Adding AA78mTc side count to High Low

[Norm]

I am amazed by supposedly educated and talented players making such ridiculous, untrue and ludicrous statements.

Count me in as uneducated and ludicrous. This strongly reminds me of discussions about a system many years back that was fine tuned with devices used for back of the envelop estimates and supposedly resulting in more "power" with sims that were not accurate comparisons. ET Fan was also involved with that and gave extremely poor advice on how to compare strategies.

[bjanalyst]

You are not answering my question. You are giving me critical running counts for KO. I am asking about balanced KO not KO. The tag values for KO and balanced KO is different because the KO count is being converted to equivalent balanced count. It is counting the 8s and 9s as -1/3 to make it balanced. You can't just true count KO without getting the running count tag values from balanced KO. You must count the tags in fractions for power.

The 8's and 9's are -(1/13) not -(1/3) in the balanced KO count. But the balanced KO count is equivalaent to the unblanaced KO count where the balanced KO count has integer tag values which humans can use. That the two counts are equivalent can be seen by CC(KO, KO.bal) = 100%.

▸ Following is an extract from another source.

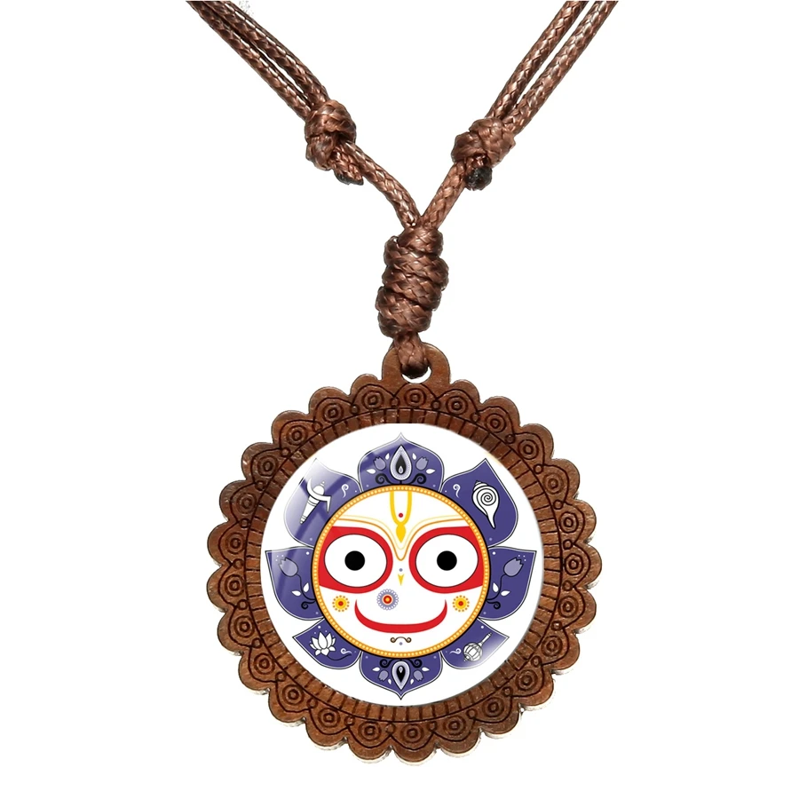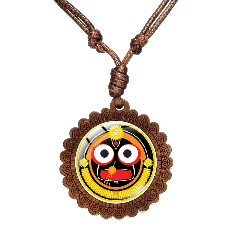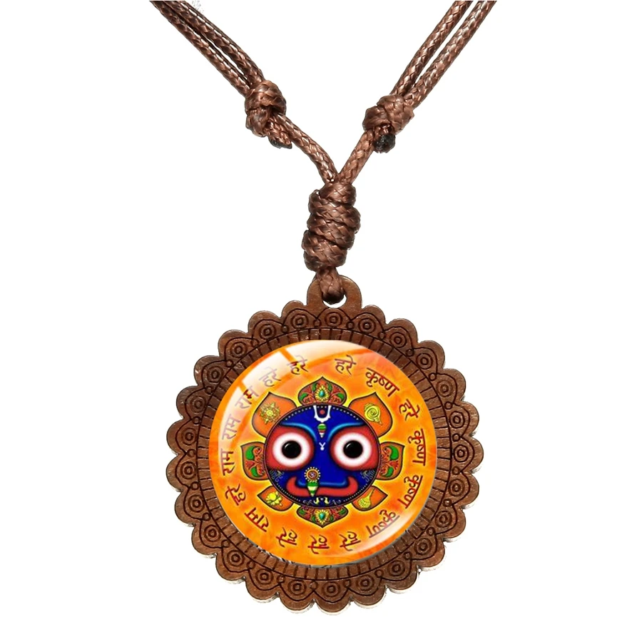 Ожерелье из аниме Лотос, Пури, индийский, индуийский Бог, деревянное ожерелье ручной работы, стеклянный кабошон, подарки для лучших друзей

No human would use the balanced KO count because you cannot count in fractional (1/13)th values. Also the balanced KO has a pivot of a true count of zero because it is balanced and so the advantages of true count accuracy at true counts around the KO pivot of a true count of 4 are lost with KO.bal. So when KO.bal > 0 or equivlaently when KO > 4*dp then there is a very slight excess of 8's and 9's left in the shoe because of the negative tag value of -(1/13)th for the 8's and 9's in the KO.bal count.

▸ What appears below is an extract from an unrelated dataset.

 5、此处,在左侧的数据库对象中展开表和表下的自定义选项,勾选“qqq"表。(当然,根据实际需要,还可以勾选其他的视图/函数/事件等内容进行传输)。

You had a question about calculation of the true count for the KO unbalanced count. If you look at the previous exhibits that I gave to you, you will that tc(KO.bal) = KO.bal / dr which you should have no problem with since KO.bal is a balanced count. Also KO.bal = KO - 4*dp also shown in a pervious exhibit. So tc(KO) = KO.bal / dr = (KO - 4*dp) / dr = (KO - 4*(n - dr) / dr = (KO + 4*dr - 4*n) / dr = 4 + (KO - 4*n) / dr where n = number of decks, dp = decks played and dr = decks remaining. That is how the unbalanced counts work.

[seriousplayer]

The 8's and 9's are -(1/13) not -(1/3) in the balanced KO count. But the balanced count is equivalaent to the unblanaced count with integer tag values as can be seen by CC(KO, KO.bal) = 100%. No human would use the balanced KO count because you cannot count in fractional (1/13)th values. Also the balaanced KO with have a pivot of a true count of zero and so the advantages of true count accuracy at true counts around the KO pivot of a true count of 4 are lost with KO.bal. So when KO.bal > 0 or equivlaently when KO > 4*dp then there is a very slight excess of 8's and 9's left in the shoe because of teh negative tag value of -(1/13)th for the 8's and 9's in the KO.bal count.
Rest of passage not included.